Wireless Direct Tabblad (TD-2350D/TD-2350DF/TD-2350DSA)
- Instellingen Wireless Direct
-
- SSID/Netwerksleutel genereren
- Selecteer de optie AUTO of STATIC.
- SSID (netwerknaam)/Netwerksleutel
- Geef de SSID (max. 25 ASCII-tekens) en de netwerksleutel (max. 63 tekens) op die u in de modus WirelessDirect wilt gebruiken.
- Het serienummer staat op de behuizing van de printer en aan de binnenzijde van de printer, naast het rollencompartiment.
- De standaard-SSID en het standaardwachtwoord zijn:
- SSID: "DIRECT-*****_TD-2350D###" waarbij ***** staat voor de laatste vijf cijfers van het serienummer van het product.
- Wachtwoord: 235***** waarbij ***** de laatste vijf cijfers van het serienummer van het product zijn.
- Kanaal
- Geef het kanaal op dat voor de modus WirelessDirect moet worden gebruikt.

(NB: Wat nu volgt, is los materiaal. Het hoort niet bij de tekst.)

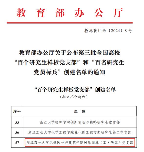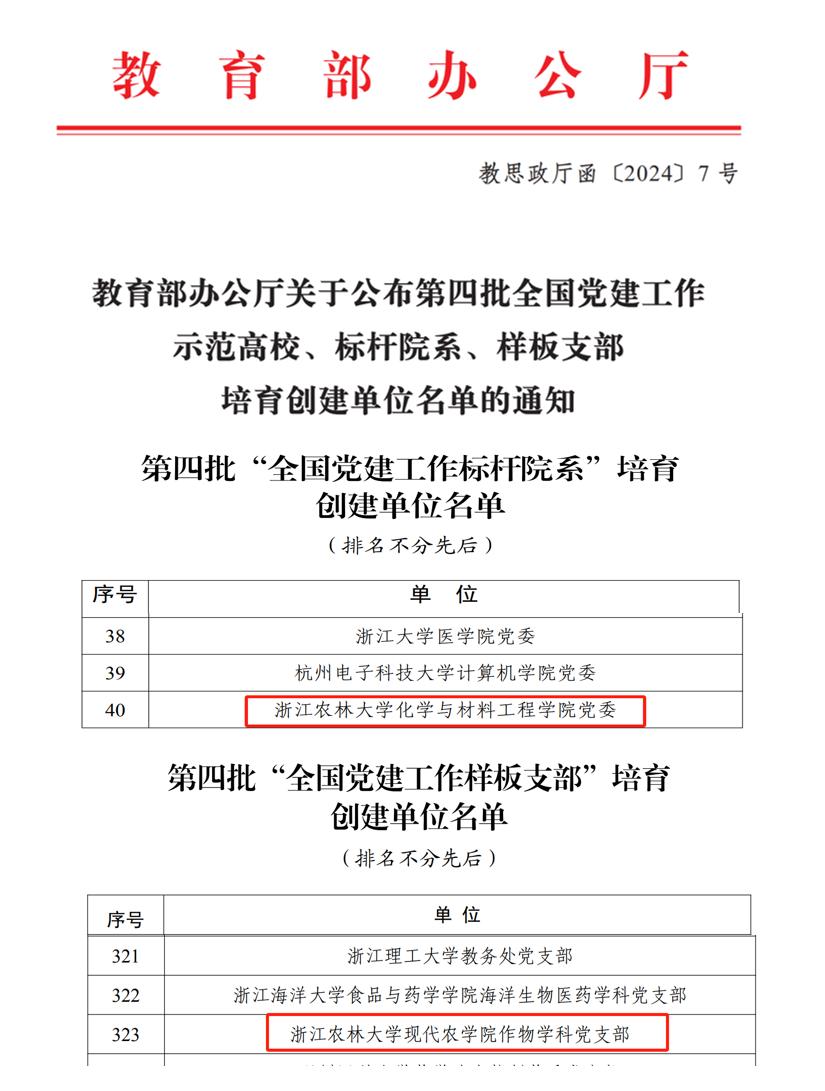 本次共评选产生全国党建工作标杆院系培育创建单位100个,全国高校“百个研究生样板党支部”创建单位100个,全国党建工作样板支部培育创建单位1001个。其中,我校化学与材料工程学院党委入选全国党建工作“标杆院系”培育创建单位,现代开云体育平台体验活动作物学科党支部入选全国党建工作“样板支部”培育创建单位,风景园林与建筑学院风景园林(工)研究生党支部入选全国高校“百个研究生样板党支部”培育创建单位。

Tabblad Bluetooth (TD-2350D/TD-2350DF/TD-2350DSA)
- Bluetooth-instellingen
-
- Bluetooth-modus
- Selecteer beheermodus als Bluetooth wordt ingeschakeld.
- Klassiek
-
- Zichtbaar voor andere apparaten
- Hier kunt u aangeven of de printer mag worden gedetecteerd door andere Bluetooth-apparaten.
- Pincode wijzigen
- De PIN-code wijzigen.
- De PIN-code op het scherm weergeven
- De PIN-code op de computer weergeven.
- Verzoek Secure Simple Pairing (SSP)-instellingen tijdens koppelen
- Als dit selectievakje is ingeschakeld in de Classic Bluetooth-modus, moet er een extra handeling op de printer worden uitgevoerd als u de printer wilt koppelen aan apparaten met Bluetooth 2.1 of hoger.
- Automatisch opnieuw koppelen
- Geef aan of er automatisch verbinding moet worden gemaakt met een Apple-apparaat (iPad, iPhone of iPod touch) waarmee eerder verbinding is gemaakt.
- Laag energieverbruik
-
- Modus Minimale beveiliging
- Selecteer het minimumbeveiligingsniveau bij gebruik van de modus Alleen Laag energieverbruik.
- Verzoek Secure Simple Pairing (SSP)-instellingen tijdens koppelen
- Als dit selectievakje is ingeschakeld in de modus Alleen Laag energieverbruik, moet er een extra handeling op de printer worden uitgevoerd als u de printer wilt koppelen aan apparaten die compatibel zijn met Laag energieverbruik.